Twenty-six was shaking now, a tremor so faint that it would have been imperceptible if not for the slight movement of his sandy hair, which in the past several months since their arrival at Thornfield had grown longer than fashion dictated.
“Come on, Twenty-six,” Izak cajoled. “How are you going to get enough information to murder the king unless you uphold your end of the bargain?”
The frozen posture disappeared. The pirate whirled to face Izak, suspicion narrowing his gray-green eyes.
Izak nodded. “I saw him, too, and I can add sums as well as the next man. Better, usually. Who was she?”
“Why do you care?”
“Call it an idle fancy, call it rubbing salt in the wound. Whatever it is, I’m not giving you anything else until I know.”
The stubbornness reared its ugly head. “I need nothing from you.”
“I beg to differ. You want Hazerial dead, but you don’t know how to kill him. I may only have known you for half a year, but even I know that when a pirate sees an opening, he attacks. Instead, you hesitated. You were scared.”
“I fear no death or dirters.”
“My father is both, and you should certainly fear him.” No flicker of surprise there, so the pirate had already guessed or been told who Izak was. “Who was the girl?”
“Woman.”
“Woman, then. Who was she?”
“Tell me how one kills such an abomination as your king.”
“I don’t know. If that were common knowledge, do you think I would be languishing here at the wrong end of the world?”
That gave the pirate pause.
“You would have killed your own father?”
“Of course not! Do I strike you as suicidal? But I certainly would’ve milked the knowledge for all it was worth so I could stay in Siu Rial.” Izak frowned. “Though he probably would’ve killed me for that.” He shrugged. “Well, one way or another, if I knew how to murder the Chosen of the Strong Gods, I would already be dust. So you see, I’m worthless to you, just like she is.”
Twenty-six started to protest, but Izak bulled ahead. “She stopped you from winning today. Let go of her, and maybe I won’t be able to use her against you next time.”
Izak expected more of that frozen rage, but it didn’t rear its head again. Twenty-six glared for a long, long minute. Then something shifted behind those gray-green eyes.
“Your people murdered her,” the pirate said. “But she fought to the death and beyond. She is a heroine, worthy of her place in paradise.”
More or less as Izak had guessed, then. “And you—her lover? admirer? unrequited lovesick devotee?—where were you?”
“I failed her and my tribe. That is all that matters.”
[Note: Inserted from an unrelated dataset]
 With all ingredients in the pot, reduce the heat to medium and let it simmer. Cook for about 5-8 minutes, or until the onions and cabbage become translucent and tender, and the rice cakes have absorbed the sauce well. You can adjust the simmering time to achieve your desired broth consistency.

“So you’ve got a dead woman, a thirst for revenge, a king neither of us knows how to kill, and his shiftless disgrace of a son sleeping across the room from you. What’s your next move?”
“You said minds are defenseless, but you require time and knowledge of your victim to use their thoughts against them.”
“I wouldn’t call them victims—”
“So there must be some defense that holds up against your attack.”
“I’ve seen a well-made wall or two.” His uncle’s had been impenetrable. A full-scale inquest had been required to break that down. “I may have even learned to make a few in my day. What will you give me in exchange for teaching you how they work?”
“I gave you a way to the village.”
Izak grinned. “That’s not how we negotiate on dry ground. You didn’t think to barter back then; that’s your loss.”
Twenty-six’s ever-present scowl deepened. “What do you want?”
A beautiful woman to hold. A fast horse back to the hedonistic life he’d left behind. A certain mad queen’s head on a pike. The better man to succeed his father, and as fast as possible. Younger siblings who understood loyalty the way Nine did or honor the way Twenty-six claimed it worked. Proof his uncle hadn’t died for nothing.
“To tell the truth, I don’t know,” Izak said at last. “But I’ve got a hunch you’re the pirate to get it for me.”